No breadboard end I assume? Some say the benefit of alternating the growth rings in minimal. It looks like your boards are fairly narrow and reasonably thick. As long as you let them acclimate in the same climate for a bit before you do the final milling, I think it will be just fine.


----------



## irish620 (Jan 30, 2012)

No breadboard, customers want modern look. They are 1.5 thick x 5'' wide right now and will just skim them to level the surface before final middle seam/glue up. Just afraid of getting that phone call next summer that their bar is warped ?????!


----------



## StumpyNubs (Sep 25, 2010)

I am assuming they stock is kiln dried well, and has acclimated to the climate of the house. If you can let it actually sit in the house for a few days, that would be great. But as long as your shop isn't significantly different, it should be fine. It looks like you have some nice long brackets, maybe you can drill them and use lots of screws if you want to be sure. But I think you should be fine.


----------



## stevepeterson (Dec 17, 2009)

You might want to elongate the holes in the metal brackets, so you don't get a call next summer that their bar is cracked.


----------



## Picken5 (Jan 12, 2011)

I did a similar project in my home using 4/4 makore trimmed in walnut. I glued the boards to a piece of 3/4" MDF that I had first put down as a base. I also screwed the makore to the MDF - angled the screws at an angle so they'd be invisible. I ignored the growth rings, but I was obviously concerned about warping. I also made sure I finished the underside so any changes in moisture content would be the same throughout - well, as much the same as I thought I could control. It's been almost 3 years now and no warping whatsoever.


----------



## pintodeluxe (Sep 12, 2010)

I think you will be fine.

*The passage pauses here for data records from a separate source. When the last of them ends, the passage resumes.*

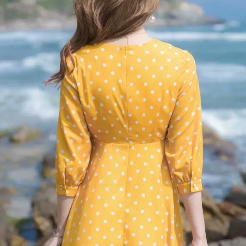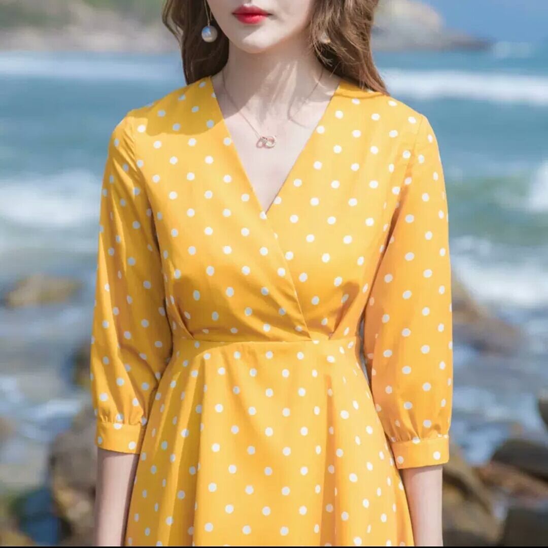 Vネック ドット柄 シフォン ワンピース ショート丈 ミニ丈 大人 可愛い キレイめ カジュアル お出かけ お買い物 デート 女子会 春 夏 通学 学生 通勤 韓国ファッション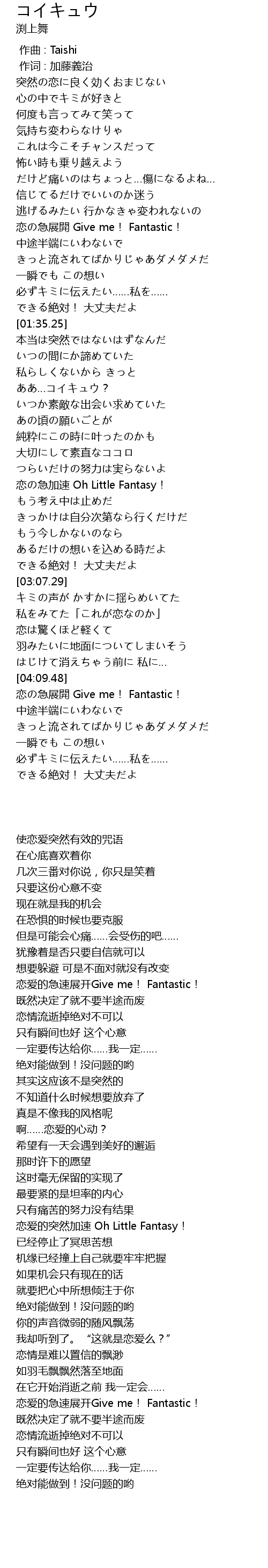 | [01:02.45] | 恋の急展開 Give me! Fantastic! |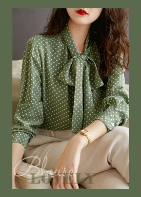 리본 타이 도트 러블리 블라우스

If it were a 40" wide dining table I might be concerned. As it is, just orient for best aesthetics.


----------



## irish620 (Jan 30, 2012)

In the past, I haven't paid much attention to growth rings but this is a countertop/bar that will see a lot of 
use and it is right next to a kitchen sink. So, my original thought was since they are smaller width boards of thicker
dimension, warping/cupping shouldn't be a problem. But as I was laying out the boards for best look, I realize they were all going in the same orientation. Kinda thru up a red flag to seek advise


----------